In case you were concerned for my health after my lengthy bout of travelers' ailments, I am pleased to announce that it has improved greatly...in some respects.
For the past couple days, instead of hacking my lungs out every hour on the hour, I content myself with a little conservative wheezing at bedtime and a hearty amount of messy throat-clearing coughs when I get up. Then I'm more or less good for the rest of the day.
But if you thought I was in the clear, oh ho no! How naive!
The day I returned to Maryland from Hawaii, I felt my nose begin to get stuffed up. At this point, I'm pretty certain that late May in Maryland produces some kind of allergen that apparently only affects me. It seems like my worst stuffy noses always appear around this time. But most of the time, I'm either traveling or returning from travel, so I'm never quite sure if it's just the change of environment that sets it off.
In any case, this time, aggressive treatment with nasal steroids and antihistamines and decongestant pills kept my nose from ever getting completely blocked (thank heavens; usually I have to resort to the oxymetazoline spray, but I guess I got it early enough this time!), but I've been drug-dependent for almost a week now.

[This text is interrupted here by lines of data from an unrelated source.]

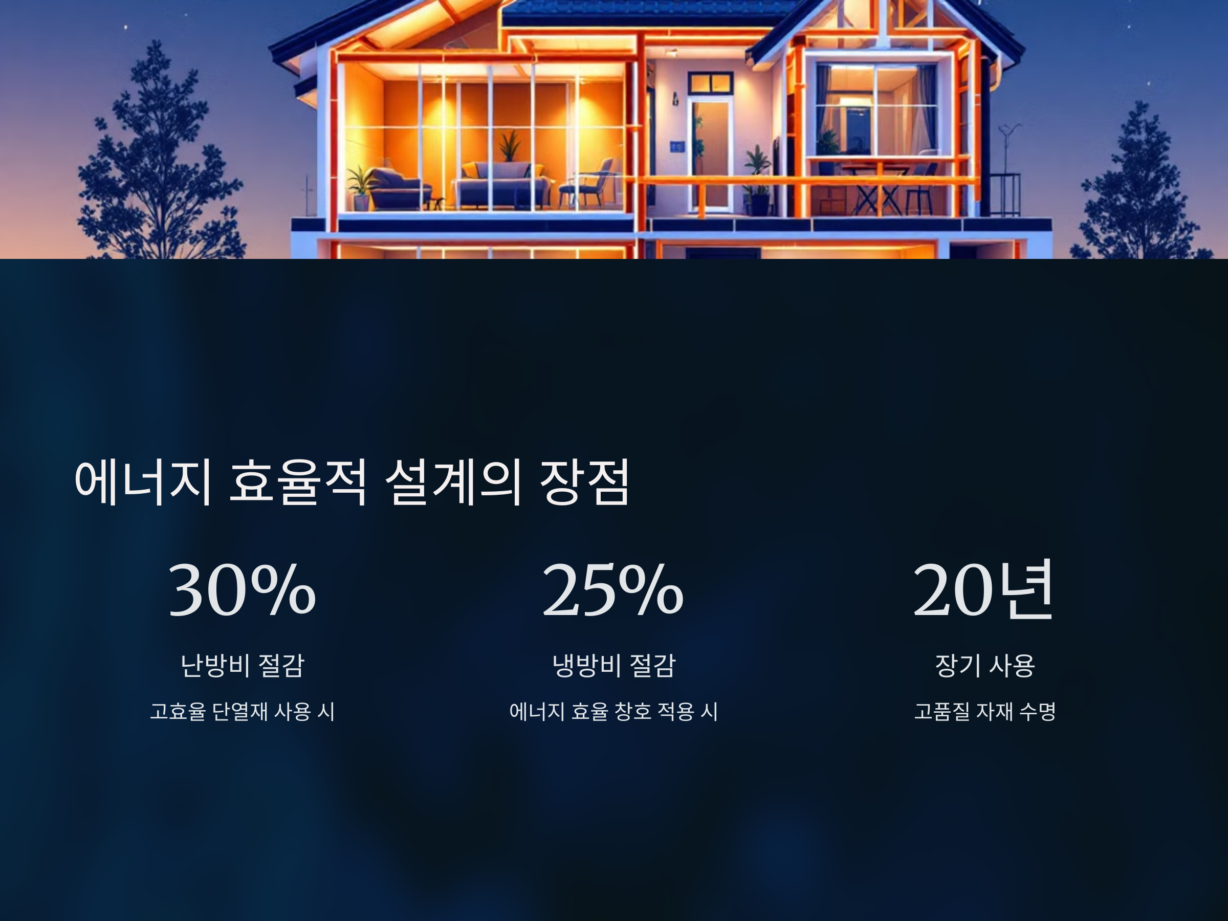 에너지 효율성을 고려한 설계와 자재 선택은 장기적으로 비용 절감 효과를 가져올 수 있습니다. 초기에 고급 단열재나 창호를 선택하면 건축비가 높아지지만, 장기적으로 난방비나 냉방비를 절감할 수 있어 결과적으로 비용을 절감할 수 있습니다. 또한, 태양광 패널이나 지열 시스템을 설치하면 에너지 비용을 절감할 수 있는 방법도 고려할 수 있습니다.
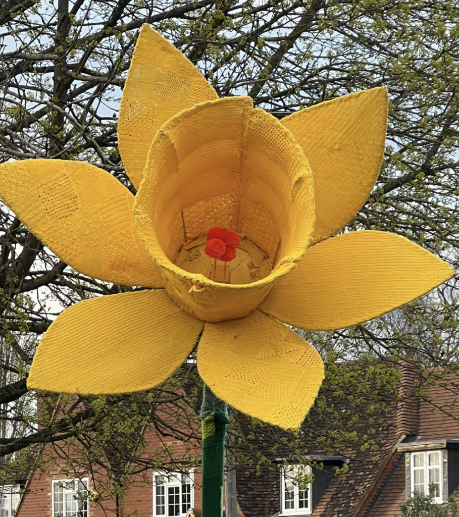 Hurst village near Wokingham is bursting with Easter cheer, thanks to a stunning 14-foot daffodil that’s nearly as tall as the village sign. This giant floral marvel is already turning heads and putting smiles on the faces of locals and visitors alike.
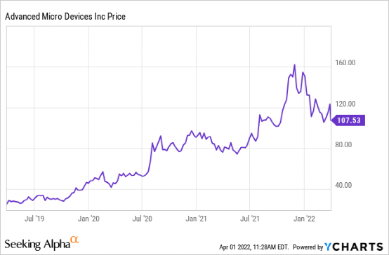 AMD 以每股 50 美元左右的价格进入大流行。该股随后达到每股 160 美元以上的峰值,然后在最近的交易中收于每股 107 美元左右。

On Sunday night, the first day I felt confident enough to stop taking decongestants, I was eating my favorite food – cookie dough – when I noticed it tasted like nothing at all. I realized something unusual that has never happened to me before: while I could still breathe through my nose, I had lost my sense of smell!
Monday morning, upon waking, I still couldn't smell a blasted thing, so I reluctantly took another decongestant and soon was smelling the roses again (and the strawberries, and the flour, and all the other ingredients I put into my cookie batter that I was actually, for a change, going to cook!).
However, by evening, again sitting down to eat cookie dough, I found it utterly flavorless—again!
This morning, still experiencing the world in a state of olfactory blindness, I decided to try out my neti pot again (it's never seemed to help much with my congestion) and zapped my nose with a new bottle (not expired, as have been the last two I used) of fluticasone.
And then I could smell – sort of – for most of the day.
I bet you can guess what happened next—I couldn't smell anything again. And then I could. And then I couldn't. And then I could. I believe my sense of smell will eventually return to its pre-infection state of virtuosity (I've actually become quite proud of my sense of smell in recent times, since I spent my formative years with chronic congestion barely ever smelling anything), but in the meantime, I'm pretty excited whenever I get to smell anything. The scent of baking asphalt? Woohoo! A fart? That's great! Any terrible smell is better than being deprived of the most underrated of senses!